Compass equivalence theorem
The compass equivalence theorem is an important statement in compass and straightedge constructions. In these constructions it is assumed that whenever a compass is lifted from a page, it collapses, so that it may not be directly used to transfer distances. While this might seem a difficult obstacle to surmount, the compass equivalence theorem states that any construction via a "fixed" compass may be attained with a collapsing compass. In other words, it is possible to construct a circle of equal radius, centered at any given point on the plane. This theorem is known as Proposition II of Book I of Euclid's Elements.
[edit] Proof
We are given points A, B, and C, and wish to construct a circle centered at A with the same radius as BC (the first green circle).
- Draw a circle centered at A and passing through B and vice versa (the red circles). They will intersect at point D and form equilateral triangle ABD.
- Extend DB past B and find the intersection of DB and the circle BC, labeled E.
- Create a Circle centered at D and passing through E (the blue circle).
- Extend DA past A and find the Intersection of the DA and the circle DE, labeled F.
- Construct a circle centered at A and passing through F (the second green circle)
- Because E is on the circle BC, BE=BC.
- Because ADB is an equilateral triangle, DA=DB.
- Because E and F are on a circle around D, DE=DF.
- Therefore, AF=BE and AF=BC.
[edit] Alternate Proof without Straightedge
It is possible to prove compass equivalence without the use of the straightedge. This justifies the use of "fixed compass" moves in proofs of the Mohr-Mascheroni theorem, which states that any construction possible with straightedge and compass can be accomplished with compass alone.

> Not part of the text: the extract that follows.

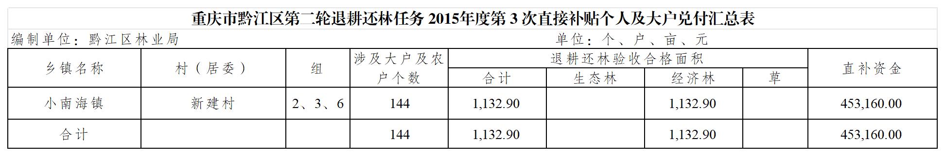 重慶市黔江區(qū)林業(yè)局2025年第二輪退耕還林10月直補資金兌付情況公示(小南海鎮(zhèn)新建村)

We are given points A, B, and C, and wish to construct a circle centered at A with the same radius as BC, using only a collapsing compass and no straightedge.
- Draw a circle centered at A and passing through B and vice versa (the blue circles). They will intersect at points D and D'.

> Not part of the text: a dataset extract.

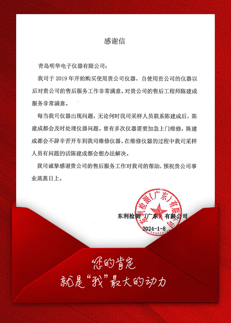 岁末将至,有辛劳、有喜悦,更多的还是收获。来自客户的认可,是对明华工作最大的肯定和鼓励。近日,我们连续收到来自广东和陕西客户的感谢信,明华售后工程师以自己专业、尽职、不辞辛苦的服务赢得客户的认可与信赖。

- Now draw circles through C with centers at D and D' (the red circles). Find their other intersection and label it E.
- Draw a circle (the green circle) with center A passing through E.
- The line DD' is the perpendicular bisector of AB. Thus A is the reflection of B through line DD'.
- By construction, E is the reflection of C through line DD'.
- Since reflection is an isometry, it follows that AE=BC as desired.